Dear all,
I am currently trying to test a pipeline I am working on and would like to be able to check its sensitivity. The pipeline revolves around detecting large scale deletions. To validate it I would like to use an artificial/simulated data set wither factors that I can control.
I would like to make some read data (preferably in fastq format) from a reference sequence with a singular large deletion and even coverage (except in the deleted region), however I would like to be able to control the ratio of deleted reads: wild type reads eg 50:50 25:75 10:90 etc. I would also like to be able to customise the length and error profiles of these reads whilst still having the same mutational profile.

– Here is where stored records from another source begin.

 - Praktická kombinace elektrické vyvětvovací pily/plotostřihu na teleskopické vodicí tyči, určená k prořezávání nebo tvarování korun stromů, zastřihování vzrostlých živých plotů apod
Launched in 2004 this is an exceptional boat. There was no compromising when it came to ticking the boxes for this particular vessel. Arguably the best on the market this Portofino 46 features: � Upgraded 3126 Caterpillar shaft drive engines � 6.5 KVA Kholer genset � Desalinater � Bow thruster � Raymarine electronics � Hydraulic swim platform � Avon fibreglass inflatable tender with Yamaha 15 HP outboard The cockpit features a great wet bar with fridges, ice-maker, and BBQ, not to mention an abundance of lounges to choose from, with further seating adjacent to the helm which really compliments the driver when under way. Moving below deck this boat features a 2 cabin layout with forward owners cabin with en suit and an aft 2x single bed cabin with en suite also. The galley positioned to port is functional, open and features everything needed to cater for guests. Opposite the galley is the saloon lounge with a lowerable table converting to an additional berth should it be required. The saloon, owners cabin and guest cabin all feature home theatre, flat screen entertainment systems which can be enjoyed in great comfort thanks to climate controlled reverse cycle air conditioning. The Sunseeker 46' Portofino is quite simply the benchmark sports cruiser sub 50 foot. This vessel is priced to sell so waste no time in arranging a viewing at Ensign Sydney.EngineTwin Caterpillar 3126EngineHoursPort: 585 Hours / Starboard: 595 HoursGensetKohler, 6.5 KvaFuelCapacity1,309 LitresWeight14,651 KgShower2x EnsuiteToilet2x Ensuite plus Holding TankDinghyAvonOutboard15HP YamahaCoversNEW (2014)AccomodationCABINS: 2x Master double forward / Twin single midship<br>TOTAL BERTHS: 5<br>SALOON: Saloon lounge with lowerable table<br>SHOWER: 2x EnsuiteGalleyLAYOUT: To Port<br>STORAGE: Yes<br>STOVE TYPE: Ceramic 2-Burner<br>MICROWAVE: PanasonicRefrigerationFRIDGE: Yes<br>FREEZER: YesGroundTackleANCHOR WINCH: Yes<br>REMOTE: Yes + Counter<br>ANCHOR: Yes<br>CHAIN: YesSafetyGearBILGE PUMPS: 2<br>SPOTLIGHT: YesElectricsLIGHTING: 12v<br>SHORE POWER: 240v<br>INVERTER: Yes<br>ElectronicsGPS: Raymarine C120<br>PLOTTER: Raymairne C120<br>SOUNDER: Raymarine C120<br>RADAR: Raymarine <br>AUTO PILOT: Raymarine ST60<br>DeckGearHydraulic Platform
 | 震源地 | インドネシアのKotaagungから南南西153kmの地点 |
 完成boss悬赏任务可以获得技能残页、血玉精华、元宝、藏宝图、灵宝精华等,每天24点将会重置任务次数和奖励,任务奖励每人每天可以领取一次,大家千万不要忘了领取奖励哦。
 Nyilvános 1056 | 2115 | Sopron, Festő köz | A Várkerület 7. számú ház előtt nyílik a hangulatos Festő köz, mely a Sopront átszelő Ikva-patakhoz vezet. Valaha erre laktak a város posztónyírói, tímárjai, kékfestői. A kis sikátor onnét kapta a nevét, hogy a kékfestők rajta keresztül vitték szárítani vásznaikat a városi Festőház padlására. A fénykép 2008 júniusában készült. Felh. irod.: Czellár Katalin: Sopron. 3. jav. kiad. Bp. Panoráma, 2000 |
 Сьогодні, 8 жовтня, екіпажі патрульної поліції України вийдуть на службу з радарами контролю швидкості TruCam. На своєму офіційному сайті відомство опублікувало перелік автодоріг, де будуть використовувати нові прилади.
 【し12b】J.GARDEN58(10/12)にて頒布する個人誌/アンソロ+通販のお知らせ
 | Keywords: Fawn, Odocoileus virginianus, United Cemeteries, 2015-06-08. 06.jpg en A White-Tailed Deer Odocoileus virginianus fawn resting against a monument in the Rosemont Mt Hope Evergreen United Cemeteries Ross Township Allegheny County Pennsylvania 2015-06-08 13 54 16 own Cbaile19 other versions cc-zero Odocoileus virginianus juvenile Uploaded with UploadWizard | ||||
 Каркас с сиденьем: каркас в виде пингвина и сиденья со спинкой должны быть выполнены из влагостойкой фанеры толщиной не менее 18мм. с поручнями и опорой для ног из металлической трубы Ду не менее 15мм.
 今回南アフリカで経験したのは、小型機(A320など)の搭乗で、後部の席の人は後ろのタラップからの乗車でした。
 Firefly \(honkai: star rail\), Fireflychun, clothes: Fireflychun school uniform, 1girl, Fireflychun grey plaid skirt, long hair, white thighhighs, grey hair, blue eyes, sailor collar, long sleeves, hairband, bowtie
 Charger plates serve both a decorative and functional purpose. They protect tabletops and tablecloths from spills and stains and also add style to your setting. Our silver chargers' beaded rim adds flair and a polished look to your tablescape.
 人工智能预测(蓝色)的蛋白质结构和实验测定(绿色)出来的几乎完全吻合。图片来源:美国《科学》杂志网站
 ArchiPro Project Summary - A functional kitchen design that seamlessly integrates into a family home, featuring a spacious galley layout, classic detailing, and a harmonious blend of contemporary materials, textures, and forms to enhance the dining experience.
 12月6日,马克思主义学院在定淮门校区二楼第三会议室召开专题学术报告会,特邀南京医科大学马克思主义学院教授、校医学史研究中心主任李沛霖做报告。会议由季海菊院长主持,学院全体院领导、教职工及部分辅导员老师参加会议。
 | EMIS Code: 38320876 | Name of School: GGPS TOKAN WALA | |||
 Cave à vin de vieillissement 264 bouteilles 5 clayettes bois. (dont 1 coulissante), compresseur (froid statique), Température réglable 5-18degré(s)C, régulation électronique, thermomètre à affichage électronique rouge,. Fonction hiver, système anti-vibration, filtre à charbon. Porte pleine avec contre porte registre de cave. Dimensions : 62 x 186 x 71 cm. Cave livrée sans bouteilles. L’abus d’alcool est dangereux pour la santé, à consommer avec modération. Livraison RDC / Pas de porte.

I am unsure how to go about this though, I have tried using DWGsim but have been unable to customise the number of deleted reads for a deletion that I have tried to simulate using an input VCF with the reference sequence. Are there any tools people would recommend (and if there are how could I use them specifically for this?) or ways in which I could use a tool like DWGsim to achieve this goal?
Many thanks in advance!
Naively, you could just run DWGsim twice, couldn't you? Run once on the reference genome and once on a "new" reference genome with the deletion (that you introduce prior to simulation). Then, if you want 10% reads from the deletion, just subsample from the WT genome at 90% and the Deleted genome 10% and concatenate the results.